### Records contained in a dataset
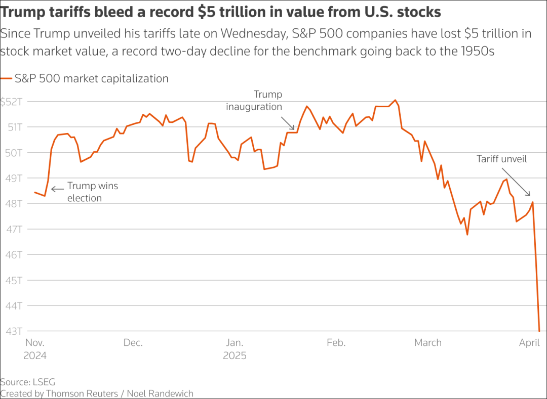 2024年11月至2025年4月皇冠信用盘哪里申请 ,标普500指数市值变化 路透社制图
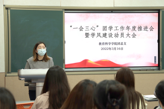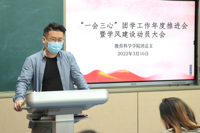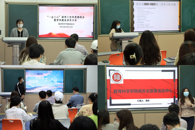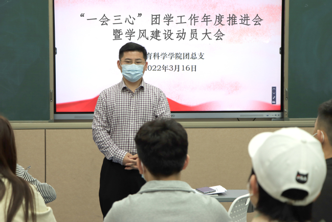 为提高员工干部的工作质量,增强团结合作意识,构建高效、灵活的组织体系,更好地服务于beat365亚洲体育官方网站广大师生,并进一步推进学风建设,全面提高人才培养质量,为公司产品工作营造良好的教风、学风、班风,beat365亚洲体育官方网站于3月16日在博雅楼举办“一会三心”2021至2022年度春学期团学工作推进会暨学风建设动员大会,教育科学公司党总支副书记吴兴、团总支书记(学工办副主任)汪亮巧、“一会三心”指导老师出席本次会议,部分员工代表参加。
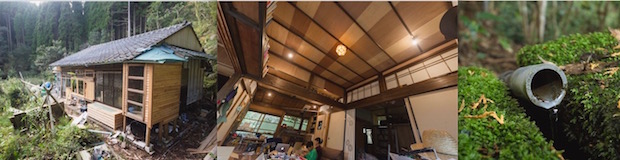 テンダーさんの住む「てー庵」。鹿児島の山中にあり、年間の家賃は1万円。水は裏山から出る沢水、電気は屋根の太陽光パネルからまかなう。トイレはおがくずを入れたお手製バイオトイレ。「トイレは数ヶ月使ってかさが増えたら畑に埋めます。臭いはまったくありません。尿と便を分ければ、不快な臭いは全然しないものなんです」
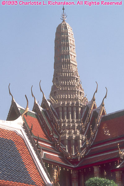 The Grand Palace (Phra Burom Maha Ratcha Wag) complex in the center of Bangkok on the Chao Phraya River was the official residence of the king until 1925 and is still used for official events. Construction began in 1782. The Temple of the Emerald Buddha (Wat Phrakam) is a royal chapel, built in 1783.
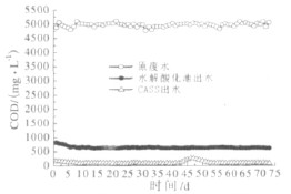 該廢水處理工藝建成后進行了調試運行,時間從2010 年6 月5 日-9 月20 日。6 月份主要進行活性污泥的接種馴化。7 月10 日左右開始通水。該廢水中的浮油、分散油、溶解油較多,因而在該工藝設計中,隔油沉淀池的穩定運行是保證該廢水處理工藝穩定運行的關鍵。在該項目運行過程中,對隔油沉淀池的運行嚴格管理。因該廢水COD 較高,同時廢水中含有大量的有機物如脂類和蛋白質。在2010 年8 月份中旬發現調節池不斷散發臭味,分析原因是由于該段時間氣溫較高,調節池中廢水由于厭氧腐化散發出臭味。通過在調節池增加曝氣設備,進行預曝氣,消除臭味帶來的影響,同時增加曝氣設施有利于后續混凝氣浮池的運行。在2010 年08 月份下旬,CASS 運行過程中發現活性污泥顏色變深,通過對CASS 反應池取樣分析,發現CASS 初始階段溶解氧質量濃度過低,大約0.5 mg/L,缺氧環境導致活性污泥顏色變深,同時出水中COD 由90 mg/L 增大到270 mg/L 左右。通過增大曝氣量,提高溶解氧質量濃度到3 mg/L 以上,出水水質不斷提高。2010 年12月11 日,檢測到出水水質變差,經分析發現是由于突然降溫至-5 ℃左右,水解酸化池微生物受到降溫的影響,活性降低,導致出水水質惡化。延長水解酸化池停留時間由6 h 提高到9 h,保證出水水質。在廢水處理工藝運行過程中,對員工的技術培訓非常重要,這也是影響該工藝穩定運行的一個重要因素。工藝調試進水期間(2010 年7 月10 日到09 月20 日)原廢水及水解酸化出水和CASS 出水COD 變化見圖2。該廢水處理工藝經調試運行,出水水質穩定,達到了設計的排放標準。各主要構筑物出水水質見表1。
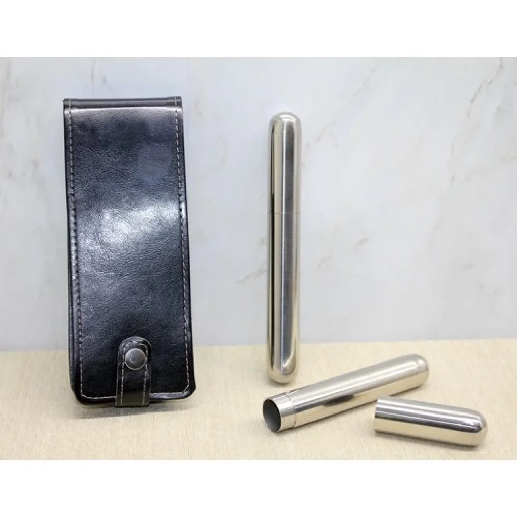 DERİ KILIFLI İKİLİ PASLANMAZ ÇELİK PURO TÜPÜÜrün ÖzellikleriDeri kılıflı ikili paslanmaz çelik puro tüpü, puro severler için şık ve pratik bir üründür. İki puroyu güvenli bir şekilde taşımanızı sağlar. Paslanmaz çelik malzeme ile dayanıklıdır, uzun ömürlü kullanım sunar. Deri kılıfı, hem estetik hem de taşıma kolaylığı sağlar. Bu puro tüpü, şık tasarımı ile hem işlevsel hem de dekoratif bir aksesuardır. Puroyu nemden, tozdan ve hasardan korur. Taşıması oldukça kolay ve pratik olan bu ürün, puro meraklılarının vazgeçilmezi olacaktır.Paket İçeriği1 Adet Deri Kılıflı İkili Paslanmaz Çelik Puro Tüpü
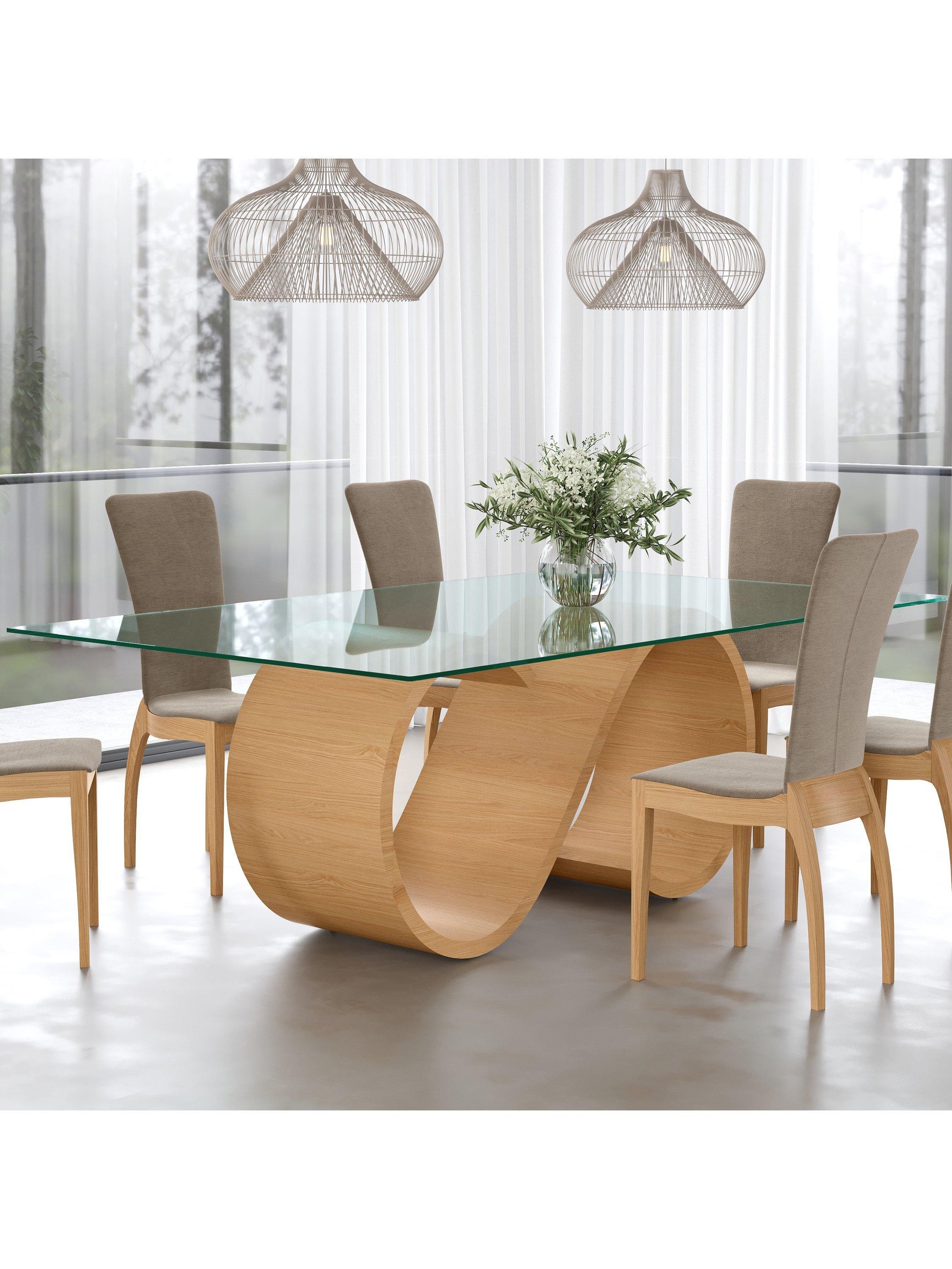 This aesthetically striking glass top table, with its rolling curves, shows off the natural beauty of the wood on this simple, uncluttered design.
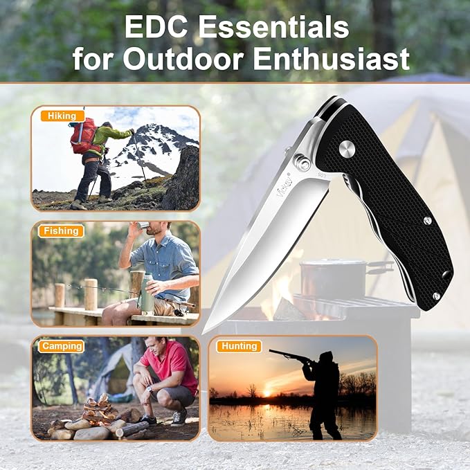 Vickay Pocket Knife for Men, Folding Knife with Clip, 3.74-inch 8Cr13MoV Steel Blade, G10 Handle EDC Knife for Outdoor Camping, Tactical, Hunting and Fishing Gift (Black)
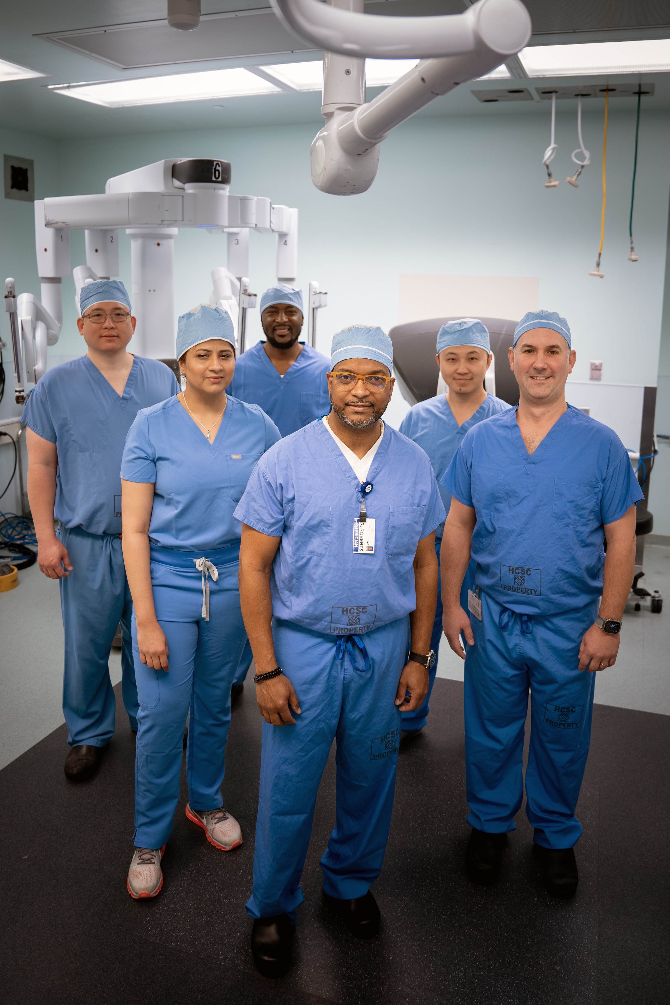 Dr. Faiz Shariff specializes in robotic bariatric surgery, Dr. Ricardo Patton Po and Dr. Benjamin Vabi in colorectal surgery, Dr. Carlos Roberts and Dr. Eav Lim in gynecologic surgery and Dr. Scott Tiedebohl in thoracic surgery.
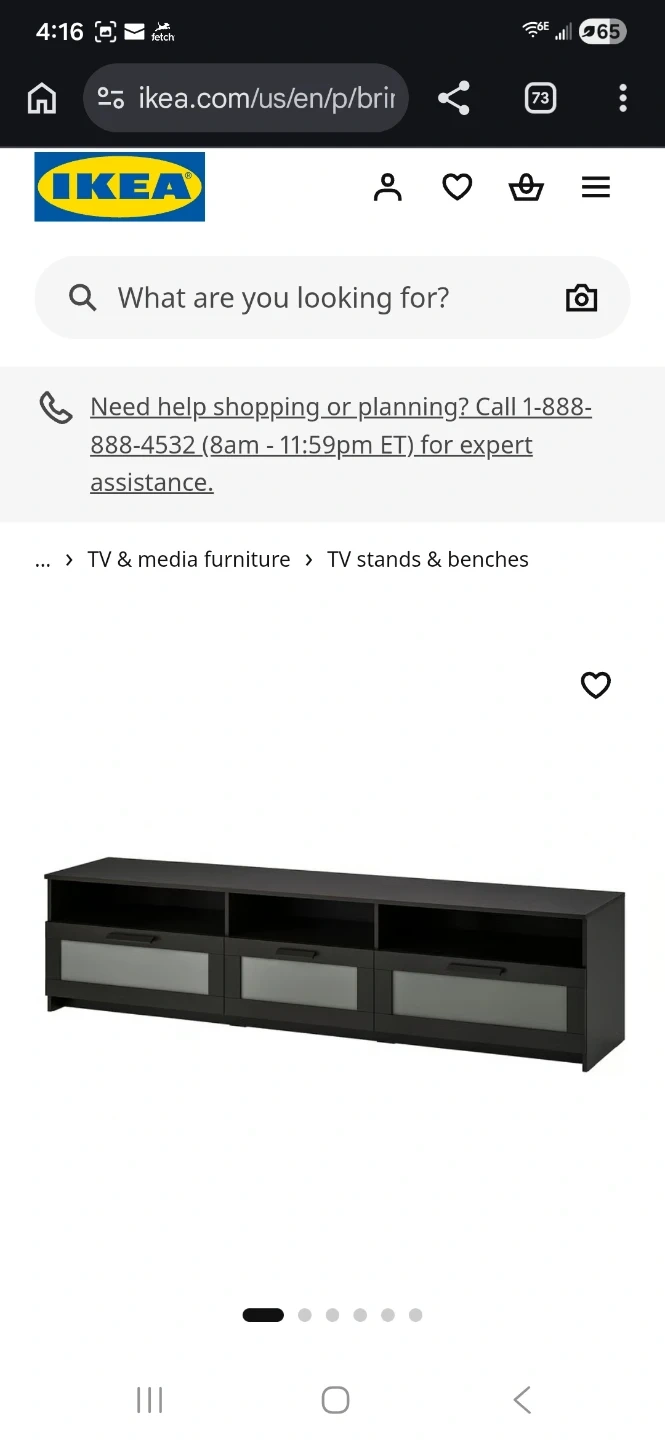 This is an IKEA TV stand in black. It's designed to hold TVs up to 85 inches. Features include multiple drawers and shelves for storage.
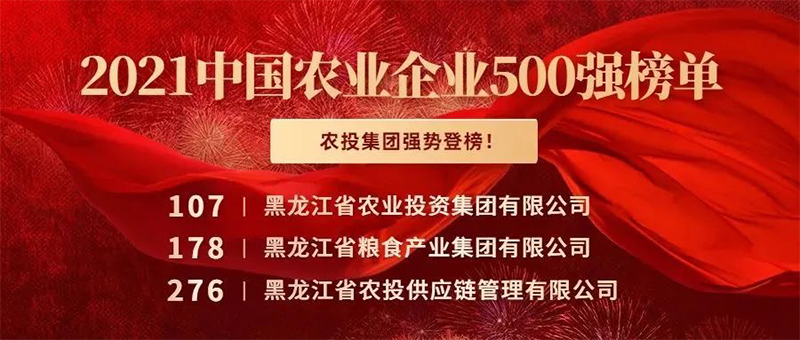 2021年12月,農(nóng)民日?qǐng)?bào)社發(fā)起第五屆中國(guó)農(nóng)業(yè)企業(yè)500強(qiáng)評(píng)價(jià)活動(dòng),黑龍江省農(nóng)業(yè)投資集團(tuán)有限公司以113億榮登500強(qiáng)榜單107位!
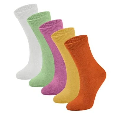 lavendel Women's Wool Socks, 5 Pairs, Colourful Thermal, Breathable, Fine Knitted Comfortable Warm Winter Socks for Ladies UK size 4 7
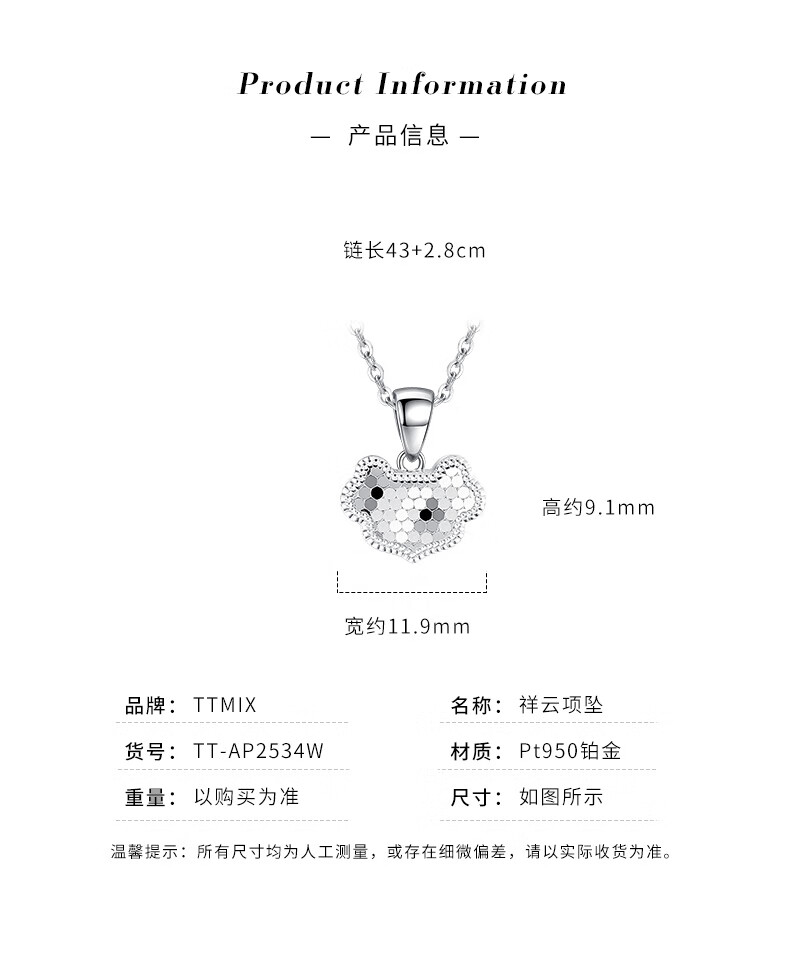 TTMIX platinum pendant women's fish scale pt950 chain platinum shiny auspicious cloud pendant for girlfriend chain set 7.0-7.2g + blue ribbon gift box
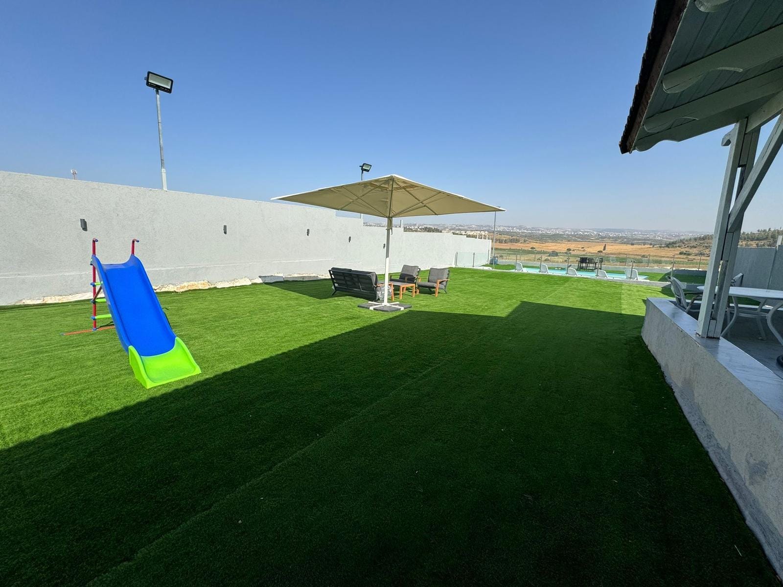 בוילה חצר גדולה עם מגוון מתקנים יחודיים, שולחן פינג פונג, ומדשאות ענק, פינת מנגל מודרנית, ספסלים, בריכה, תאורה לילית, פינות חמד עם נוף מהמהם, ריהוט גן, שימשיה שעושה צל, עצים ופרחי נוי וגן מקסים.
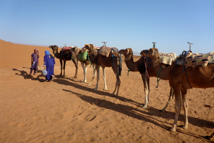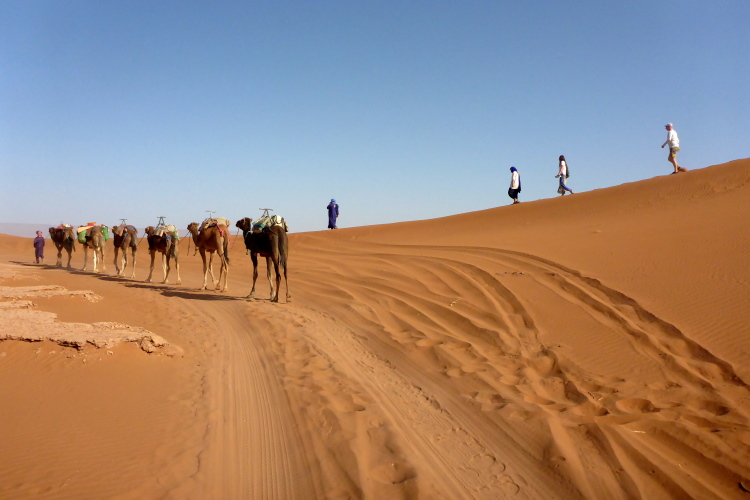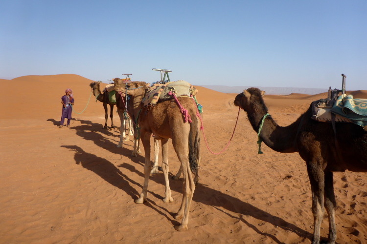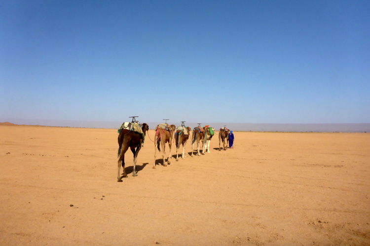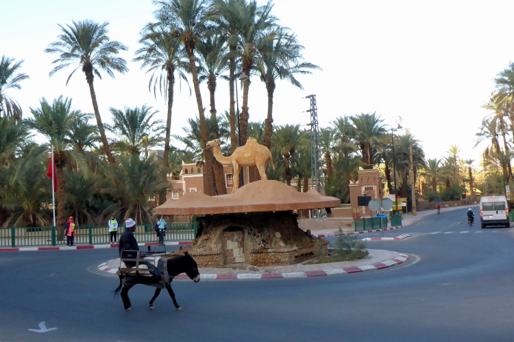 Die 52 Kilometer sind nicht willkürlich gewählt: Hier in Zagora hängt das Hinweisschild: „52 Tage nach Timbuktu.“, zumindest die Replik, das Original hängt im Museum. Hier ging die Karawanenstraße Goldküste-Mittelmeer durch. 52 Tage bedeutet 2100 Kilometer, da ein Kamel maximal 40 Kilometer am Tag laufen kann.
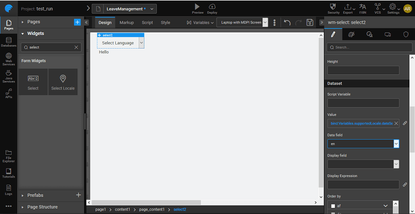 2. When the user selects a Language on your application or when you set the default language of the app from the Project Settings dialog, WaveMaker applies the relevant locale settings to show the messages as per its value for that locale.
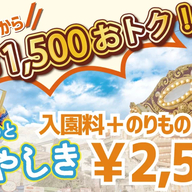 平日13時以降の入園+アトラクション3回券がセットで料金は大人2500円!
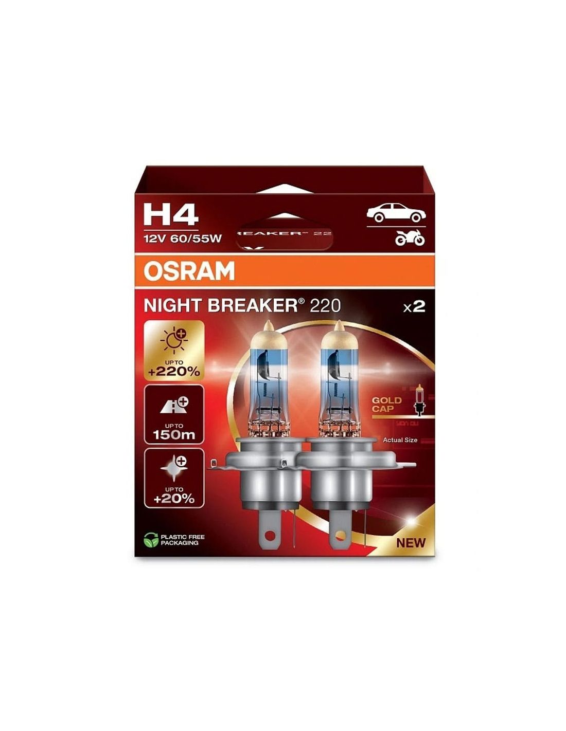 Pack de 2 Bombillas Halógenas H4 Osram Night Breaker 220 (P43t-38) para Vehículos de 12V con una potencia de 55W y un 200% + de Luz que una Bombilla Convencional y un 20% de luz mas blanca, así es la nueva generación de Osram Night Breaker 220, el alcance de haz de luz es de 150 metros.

### Exercise aim
Find the line with "2021年12月,農(nón" and the line with "平日13時以降の入園+アトラクション3回券がセットで料金は大人2500円!" in the records above. Copy both and all lines between them exactly, without pictures.

### Solution to the exercise
 2021年12月,農(nóng)民日?qǐng)?bào)社發(fā)起第五屆中國(guó)農(nóng)業(yè)企業(yè)500強(qiáng)評(píng)價(jià)活動(dòng),黑龍江省農(nóng)業(yè)投資集團(tuán)有限公司以113億榮登500強(qiáng)榜單107位!
 lavendel Women's Wool Socks, 5 Pairs, Colourful Thermal, Breathable, Fine Knitted Comfortable Warm Winter Socks for Ladies UK size 4 7
 TTMIX platinum pendant women's fish scale pt950 chain platinum shiny auspicious cloud pendant for girlfriend chain set 7.0-7.2g + blue ribbon gift box
 בוילה חצר גדולה עם מגוון מתקנים יחודיים, שולחן פינג פונג, ומדשאות ענק, פינת מנגל מודרנית, ספסלים, בריכה, תאורה לילית, פינות חמד עם נוף מהמהם, ריהוט גן, שימשיה שעושה צל, עצים ופרחי נוי וגן מקסים.
 Die 52 Kilometer sind nicht willkürlich gewählt: Hier in Zagora hängt das Hinweisschild: „52 Tage nach Timbuktu.“, zumindest die Replik, das Original hängt im Museum. Hier ging die Karawanenstraße Goldküste-Mittelmeer durch. 52 Tage bedeutet 2100 Kilometer, da ein Kamel maximal 40 Kilometer am Tag laufen kann.
 2. When the user selects a Language on your application or when you set the default language of the app from the Project Settings dialog, WaveMaker applies the relevant locale settings to show the messages as per its value for that locale.
 平日13時以降の入園+アトラクション3回券がセットで料金は大人2500円!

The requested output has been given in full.